All this works well, but as can be guessed, cost quite a bit of multiplications and divisions in the process. With several clever tricks (typically ensuring that distribution total is a power of 2), it's possible to decrease these operations to a minimum, but alas, one division remains in the decoder, and several multiplications are also there.

Now let's have a look at ANS/FSE decoder.

We start with basically one identical concept : a bit read is equivalent to a division by 2.

A first difference though, is that a bit read is not bit shift.
In contrast with Huffman or Arithmetic, the "state" value is not read directly from the bitstream, it is a virtual value which is maintained alongside the bitstream.
That being said, it can be almost the same : a symbol with a 50% probability will basically divide state by 2, then discover than one bit must be added to keep state within range, and then shift it (equivalent to arithmetic's rescale), and read one bit from the bitStream.

Another difference is that a fractional bit is obtained by reading a variable number of bits.

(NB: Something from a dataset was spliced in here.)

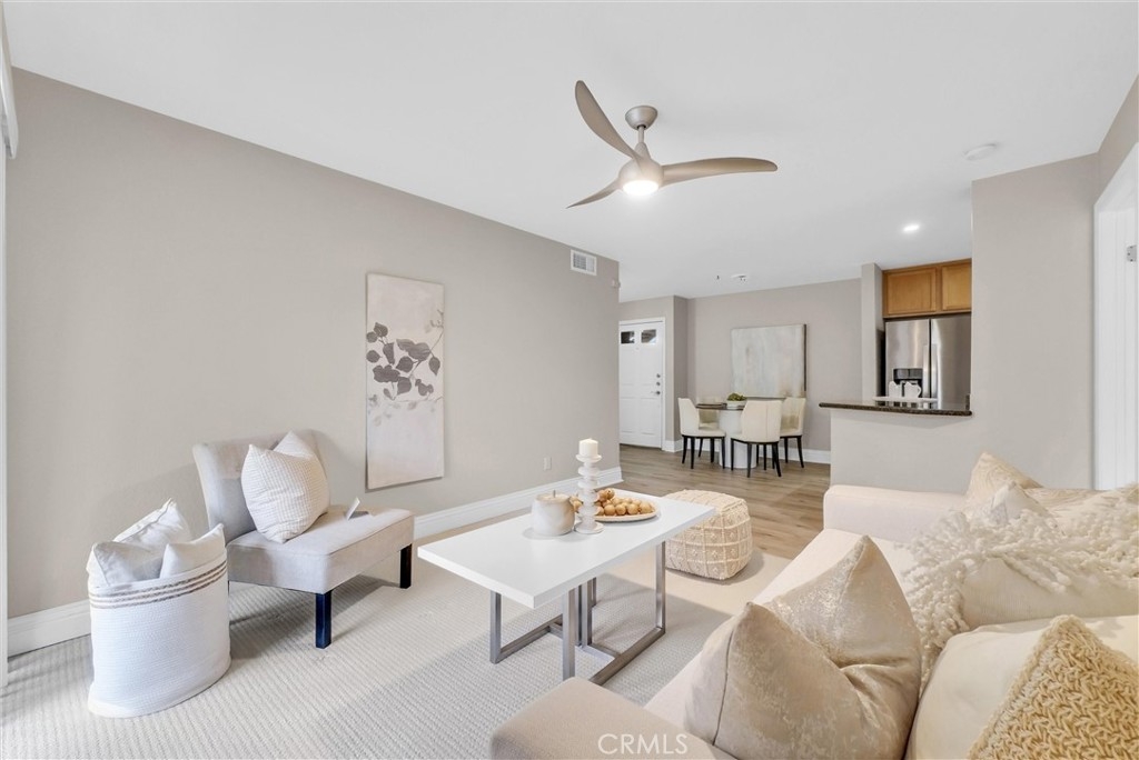 TENANT JUST VACATED 1/31/2026. Sage Canyon condo offers 2 bedrooms and 2 baths in a central Corona location! This second-level unit is nothing less than elegance throughout its 995-sq ft layout. Freshly painted neutral tones pair with newly installed cream-colored carpeting to give the single-story, open concept design a bright and inviting feel. Enjoy a seamless flow from the sunlit living room to the cozy and stylish dining area that basks in the glow of a chandelier. Granite countertops with breakfast bar seating, ample cabinetry, and stainless-steel appliances equip the home chef in the adjacent kitchen. Expansive windows spill radiant sunlight across the bedrooms, including one converted into an office with direct outdoor access. Views of your surroundings greet you as you comfort from the primary suite. Rest and relax in the privacy of the bath that treats you to a shower-tub combo. Admire the inspiring treetop vistas from the balcony as you sip your morning coffee or unwind with drinks to cap off the day. Other noteworthy perks include an in-unit laundry room, designated carport and private space parking. Convenience is moments away from your doorstep with the available amenities in the Sage Canyon Condos complex. Enjoy the pool and spa or at the basketball court and don't forget about the gym. Desirably set near the Orange County and Yorba Linda border, you’ll enjoy easy access to talk-of-the-town attractions, parks, golf courses, schools, shopping, and restaurants. Major commute routes are also nearby. Come for a tour of this beautiful home while you can!

For example, if a symbol should be written using 3.3 bits (equivalent to 10%), the decoder will sometimes read 3 bits, and sometimes read 4 bits.
So we never "rescale by 10" as would do an arithmetic decoder, but rather sometimes rescale by 8, and sometimes by 16 (which, incidentally, is a better fit for binary representation, reducing rounding errors).

Okay, but how is this decided ?

Well, this is the magic of the decoding table, that will be described into another post, but to give you an idea of the bigger principle, here is how I would describe it in simple terms :
the fractional bit is translated by a "decrease" in state value.

When state value is high, state is just decreased, but it doesn't trigger the "additional bit". So, following our 10% example, it means we just read 3 more bits.



When state value is low, it tends to "cross" the lower limit. As a consequence, one more bit is read, and state is regenerated at its full value.



OK, that's roughly how the decoder behaves, from an external perspective.
But it's not enough to fully describe the exact behavior. You cannot expect to subtract a fixed amount from state in order to get your new state value. Unfortunately, it matters if the next state value is exactly 4 or 5, because it will influence some future symbol. So accuracy is more complex to describe. And that will be explained in a later post.